I'm taking the OP's use of the phrase 'fully breastfeeding' to mean the baby is being exclusively fed by mum.

Full term breastfeeding denotes exclusive breastfeeding where the NHS obviously can't provide meals for the child.

PurpleMinionMummy · 08/01/2017 14:37

A bf mum is as capable of leaving her baby for half an hour to find some food as a ff mum or any other mum or parent. Anyone with half an ounce of common sense would attempt to feed baby before they go and if baby decides its hungry after they leave it's not going to starve in half an hour.

Who watches the bf babies when their mums go to find food? Who watches the ff babies or the toddlers or the pre-schoolers and every other kid on the ward when their parents go to get food??

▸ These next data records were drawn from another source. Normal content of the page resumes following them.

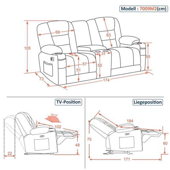 Rangement pratique : le canapé 2 places avec accoudoirs intégrés pour les collations et télécommande et porte-gobelet double, parfait pour les soirées cinéma ou les jours de jeu , Autres indications : 1., Ce canapé deux places est emballé en 4 colis ; 2., Veuillez nous contacter si vous avez des questions ou des suggestions Ensemble:composé un canapé 2 places + 2 fauteuils en cuir italien vachette candi Canape 2 Places M MCombo Canapé Avec Fonction Lit, Relax Canapé Avec Appui-tête Canapé 2 Places Relax électrique Le dossier, le repose-pieds et l'appui-tête reviennent à leur position initiale en 9 secondes Espace pour vos boissons, collations, télécommande, livres, etc. Le canapé 2 places offre des sièges réglables électriquement séparément, ajustez les positions selon vos préférences ; par exemple, l'un se penche en arrière, l'autre se tient droit, sans aucune interférence Le repose-jambes allongé assure un meilleur soutien. 1 Bouton Home 2 Repose-jambes prolongé 3 Appuie-tête réglable 4 Espace accoudoir 5 Porte-boissons Contrôle de siège indépendant : le canapé 2 places offre des sièges réglables électriquement séparément, ajustez les positions selon vos préférences ; par exemple, l'un s'incline vers l'arrière, l'autre est assis verticalement, complètement sans interférences Canapé relax électrique 2 places avec position cœur balance : ce canapé offre un grand confort grâce aux positions réglables de 116 ° à 155 ° ; soulève les jambes et soulage la tension de la colonne vertébrale ; parfait pour se détendre sur deux places ou soirées cinéma
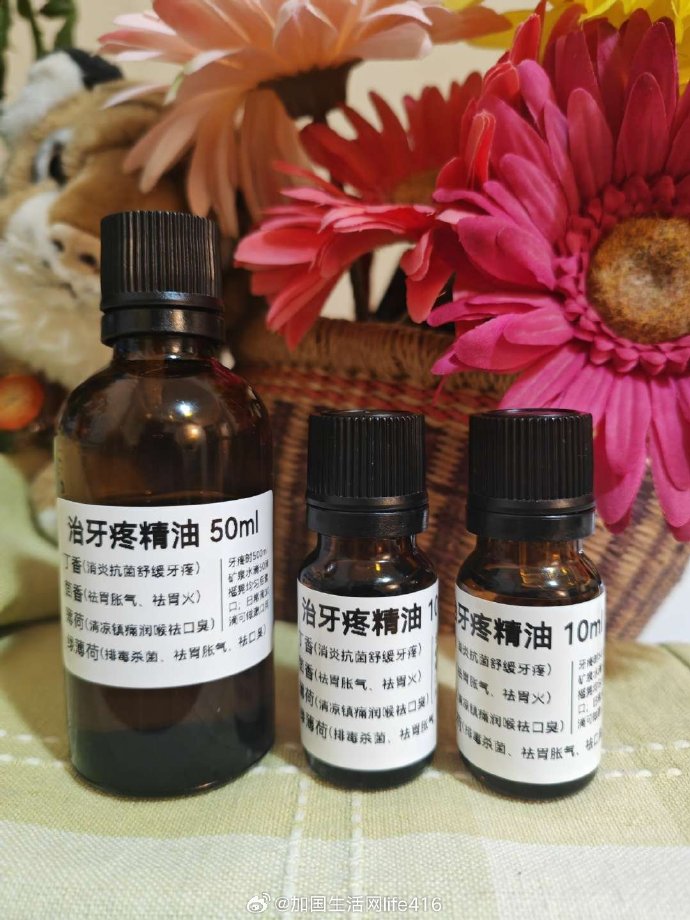这个牙疼精油的全套配制50ml:丁香、茴香、薄荷和绿薄荷。
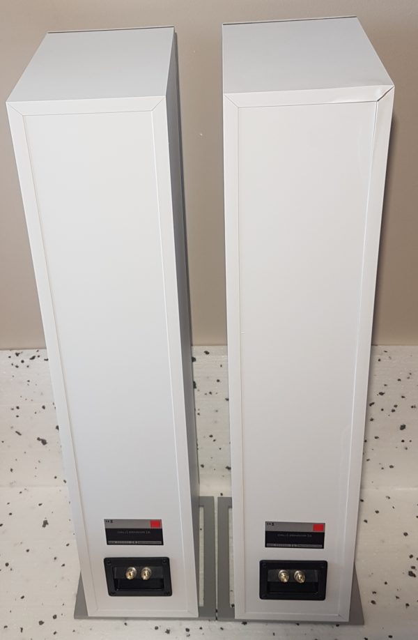 Stan wizualny – świetnie zachowana para, obudowy posiadają mało rzucające się w oczy ryski, jedna z kolumn (prawa na zdjęciach) ma delikatne odkształcenie okleiny na narożniku tylnym – zgodnie ze zdjęciami.

NurseRosie · 08/01/2017 14:38

to be fair it's a big hospital and the lifts are a nightmare so yes could actually take half an hour depending on how busy it is.

OP posts:
Owllady · 08/01/2017 14:38

So do I :)

KitKats28 · 08/01/2017 14:38

20 years ago in Bristol Childrens' I got bugger all. DS was 7 weeks and I was breastfeeding in theory, but crappy food meant crappy milk supply. It didn't even occur to me that they should be feeding me. They gave me mini bottles of formula for DS, which I was bloody grateful for! I didn't have anyone to bring me stuff as DH was working full time over an hour away. When DS slept I went to the supermarket up the road for a sandwich.

It seems like many "mummies" push out their common sense along with the placenta!

Daisyfrumps · 08/01/2017 14:39

Full time, that should say... Full term is a different topic!

SnatchedPencil · 08/01/2017 14:39

No, they feed patients but not relatives. You are there to feed your baby but you are not a patient yourself. YABU.